It appears that internet and phone service is about to get better (FINALLY) in the Philippines brought by a new FOREIGN competitor.
Or will the transition and implementation happen as expected?
Let’s see this action in motion:
August 27, 2015
Bloomberg article published entitled, “Telstra in Talks With San Miguel for Philippines Mobile Venture.”
“Telstra Corp., Australia’s biggest phone company, is in talks with the Philippines’ San Miguel Corp. about investing in a wireless joint venture in the Southeast Asian country.
“No agreements have been reached in relation to these matters and there is no certainty” that a deal will occur, Telstra said in a regulatory statement Friday.”
August 29, 2015
Business Insider Australia stated, “Telstra is planning a multimillion dollar joint venture with Filipino beer giant San Miguel.”
“Telstra confirmed it was in discussion with Philippines’ largest conglomerate San Miguel Corporation (SMC) — whose investments span across food, packaging, energy and beer — in what could be the telco’s first foray into the South East Asian consumer market.
Philippines’ mobile market is currently dominated by PLDT and Globe Telecom with a mobile penetration rate of more than 100 per cent but with most of its services relying on outdated 2G services. An investment with San Miguel could see to a quicker rollout of 4G services which covers less than 5 per cent of the market.
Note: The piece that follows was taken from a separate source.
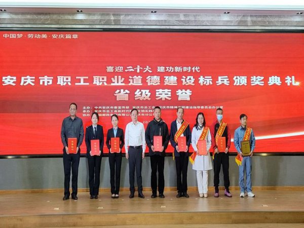 近日,中共安庆市委宣传部、安庆市总工会、安庆市精神文明建设指导委员会办公室联合召开了安庆市职工职业道德建设标兵颁奖典礼。岳西县职工服务中心荣获“安徽省职工职业道德建设优秀单位”、“安庆市职工职业道德建设标兵单位”荣誉称号,岳西县招商中心荣获“安庆市职工职业道德建设先进单位”荣誉称号,安徽红方工艺品有限公司方红、岳西县城市管理局环卫所吴伟荣获“安庆市职工职业道德建设先进个人”荣誉称号。

Earlier this year, Telstra CEO Andy Penn described Asia as a key part of his growth strategy building on former CEO David Thodey’s vision to see a third of the telco’s revenue coming from Asia by 2020.”
September 25, 2015
Financial Times published, “Telstra weighs entry into Philippine telecoms market.”
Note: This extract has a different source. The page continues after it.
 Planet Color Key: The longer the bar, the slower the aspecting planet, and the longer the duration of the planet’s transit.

“Local conglomerate San Miguel and Telstra of Australia have confirmed they are in talks over a wireless joint venture that, on the face of it, is entering a crowded market.
If the San Miguel-Telstra venture goes ahead, it will not be the Australian telecom group’s first attempt to break into other Asian markets.
Telstra is eager to expand out of its home base, with its Asian businesses supplying just a tenth of its revenues. Telstra may make the ideal partner for San Miguel, which has been acquiring licences and permissions but so far has lacked expertise. The question is whether the pair will have the marketing power to carve out a viable market share.”
October 29, 2015
The Sydney Morning Herald published, “Telstra to cut costs and spend up to $US1 billion in Philippines to fight rivals.”
“Speaking to investors in Sydney on Thursday, Mr Penn also revealed that the telecommunications giant was willing to pump up to $US1 billion ($1.4 billion) into owning a 40 per cent stake of a joint-venture to build a new mobile network in the Philippines, which would value the South-East Asian company at $US2.5 billion.
Mr Penn also provided a much clearer picture of Telstra’s potential partnership with Philippines beer and food giant, San Miguel. Both companies want to become a third force in the Philippine’s mobile market, up against local incumbents PLDT and Globe Telecom.
But Mr Penn provided more clarity and said Telstra would spend no more than $US1 billion for a 40 per cent stake of a joint-venture, which is the most a foreign company can own there. This money would go towards the construction of the mobile network along with extra cash raised by borrowing from banks.
“Let’s face it – go to the Philippines, experience for yourself the sort of lousy service you get from the incumbent operators and you will see that the opportunity there for new operators to provide a much better quality service over an LTE network using better spectrum,” he said.
“As for why not Myanmar … we recognised [the Philippines] would be a significant project and we got a lot of work there supporting San Miguel in terms of network rollout and design.”